Proof. Both $x^7-1$ and $x^{p-1}-1$ are divisible by $p$, by hypothesis and by Fermat's little theorem, respectively. Suppose that $7$ does not divide $p-1$. Then $\gcd (p-1,7)=1$, so there exist integers $k$ and $m$ such that $7k+(p-1)m=1$. We therefore have $$x\equiv x^{7k+(p-1)m}\equiv {\left(x^7\right)}^k\cdot {\left(x^{p-1}\right)}^m\equiv 1(\mathrm{mod}p),$$ and so $$\frac{x^7-1}{x-1}=1+x+\cdots +x^6\equiv 7(\mathrm{mod}p).$$ It follows that $p$ divides $7$, hence $p=7$ must hold if $p\equiv 1(\mathrm{mod}7)$ does not, as stated. $\square$

The lemma shows that each positive divisor $d$ of $\frac{x^7-1}{x-1}$ satisfies either $d\equiv 0(\mathrm{mod}7)$ or $d\equiv 1(\mathrm{mod}7)$.

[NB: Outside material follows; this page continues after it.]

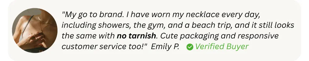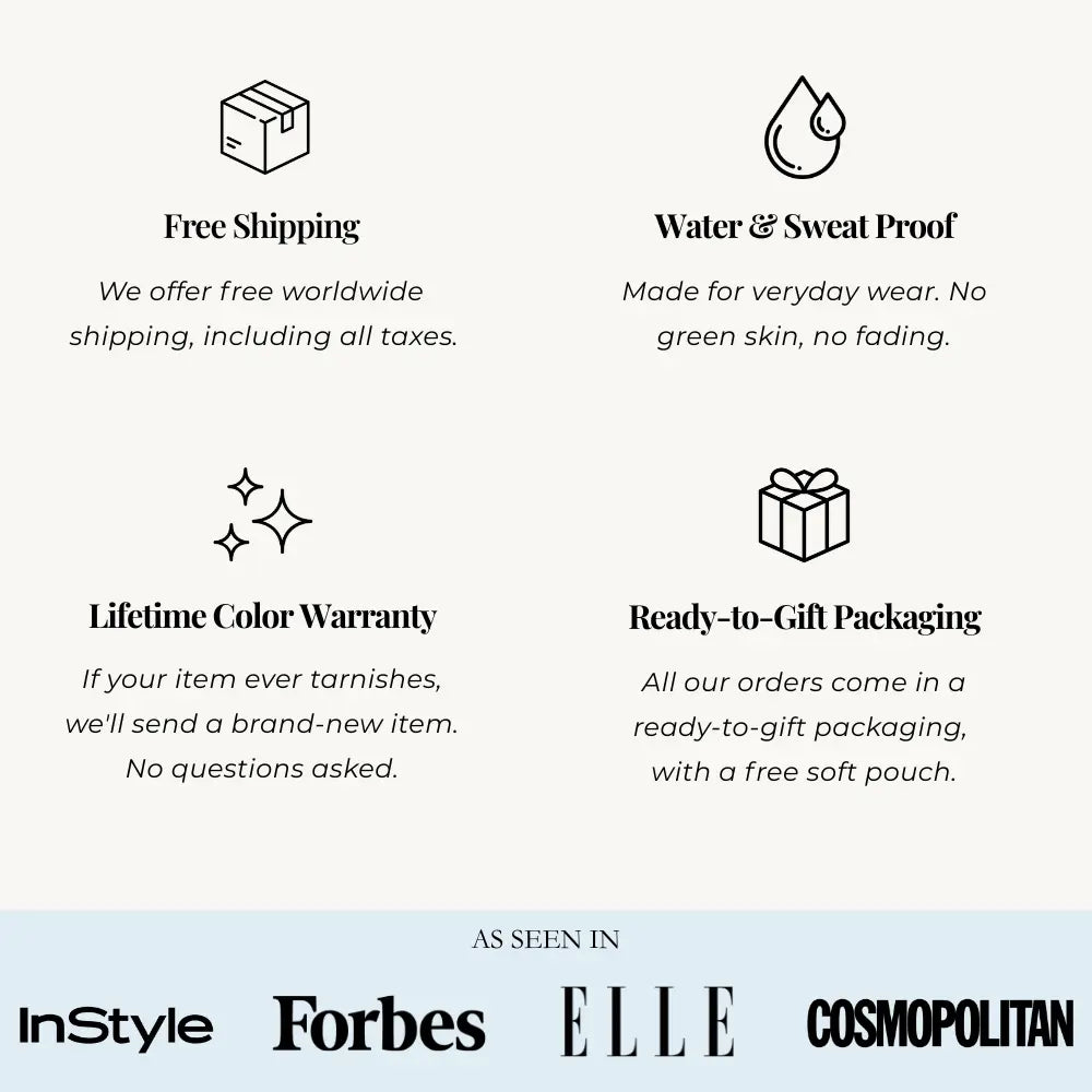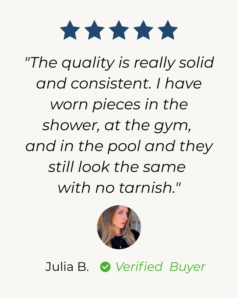 Our jewellery is 100% waterproof, so you never have to take it off! Wear it in the shower, at the gym, in the pool, or even at the beach – it won’t tarnish. ✨

Now assume that $(x,y)$ is an integer solution of the original equation. Notice that $y-1>0$, because $\frac{x^7-1}{x-1}>0$ for all $x\ne 1$. Since $y-1$ divides $\frac{x^7-1}{x-1}=y^5-1$, we have $y\equiv 1(\mathrm{mod}7)$ or $y\equiv 2(\mathrm{mod}7)$ by the previous paragraph. In the first case, $1+y+y^2+y^3+y^4\equiv 5(\mathrm{mod}7)$, and in the second $1+y+y^2+y^3+y^4\equiv 3(\mathrm{mod}7)$. Both possibilities contradict the fact that the positive divisor $1+y+y^2+y^3+y^4$ of $\frac{x^7-1}{x-1}$ is congruent to $0$ or $1$ modulo $7$. So the given equation has no integer solutions.